§ **Data excerpts**:
○ ○ ○

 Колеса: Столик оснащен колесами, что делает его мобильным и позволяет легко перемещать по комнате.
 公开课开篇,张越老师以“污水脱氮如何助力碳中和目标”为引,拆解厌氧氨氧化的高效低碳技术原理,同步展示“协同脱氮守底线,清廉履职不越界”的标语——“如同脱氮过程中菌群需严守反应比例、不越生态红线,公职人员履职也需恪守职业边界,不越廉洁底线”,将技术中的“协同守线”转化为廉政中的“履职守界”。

○ ○ ○

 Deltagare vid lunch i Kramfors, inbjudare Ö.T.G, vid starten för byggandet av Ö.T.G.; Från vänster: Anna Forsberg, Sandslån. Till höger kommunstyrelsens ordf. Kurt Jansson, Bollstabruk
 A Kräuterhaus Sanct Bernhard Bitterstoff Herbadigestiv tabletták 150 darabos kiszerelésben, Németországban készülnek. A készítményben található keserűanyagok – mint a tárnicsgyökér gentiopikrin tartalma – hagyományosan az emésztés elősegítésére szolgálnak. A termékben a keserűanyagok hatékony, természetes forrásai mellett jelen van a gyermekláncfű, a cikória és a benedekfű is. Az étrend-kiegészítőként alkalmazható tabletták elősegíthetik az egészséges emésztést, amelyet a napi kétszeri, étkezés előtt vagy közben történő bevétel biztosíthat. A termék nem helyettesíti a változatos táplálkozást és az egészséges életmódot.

○ ○ ○

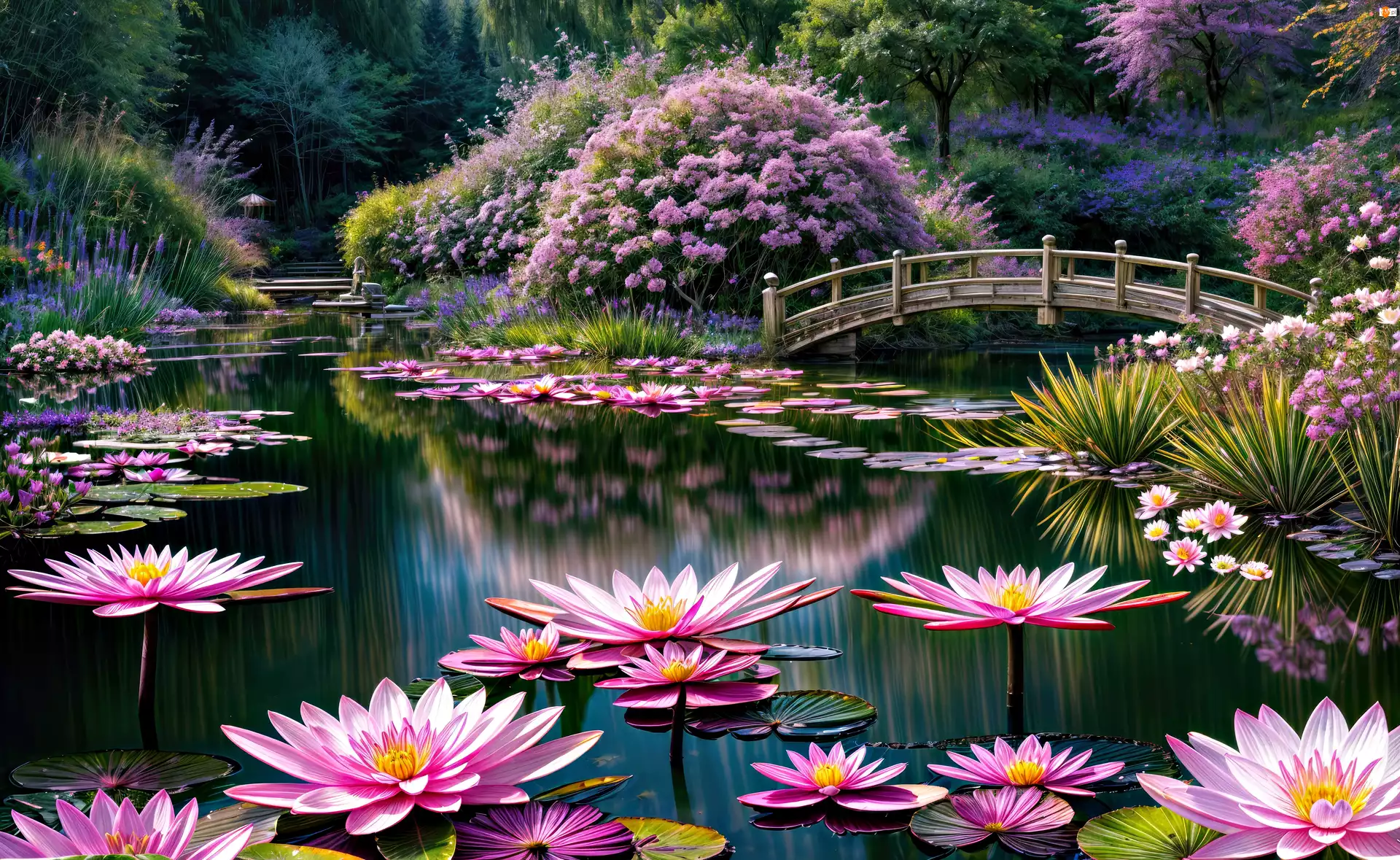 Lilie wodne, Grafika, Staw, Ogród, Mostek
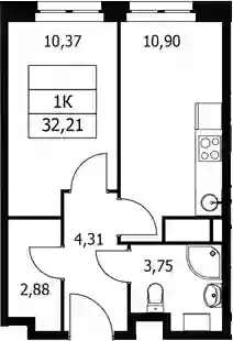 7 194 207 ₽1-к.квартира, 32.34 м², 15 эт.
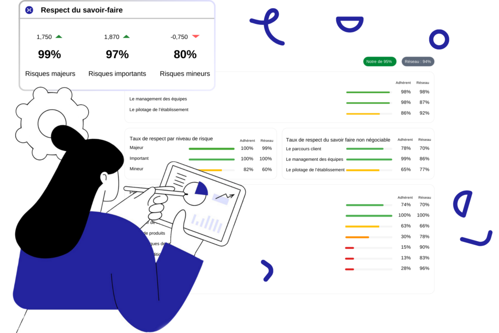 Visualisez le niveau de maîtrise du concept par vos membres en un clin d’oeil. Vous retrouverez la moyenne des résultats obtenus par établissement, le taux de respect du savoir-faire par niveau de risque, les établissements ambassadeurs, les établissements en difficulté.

○ ○ ○

§ **What is expected**:
Within the listing above, write out the stretch from the line with "Lilie wodne, Grafika, Staw, Ogród, Mostek" through the line with "7 194 207 ₽1-к.квартира, 32.34 м², 15 эт." exactly. Any pictures are to be left out.

§ **Completed exercise**:
 Lilie wodne, Grafika, Staw, Ogród, Mostek
 7 194 207 ₽1-к.квартира, 32.34 м², 15 эт.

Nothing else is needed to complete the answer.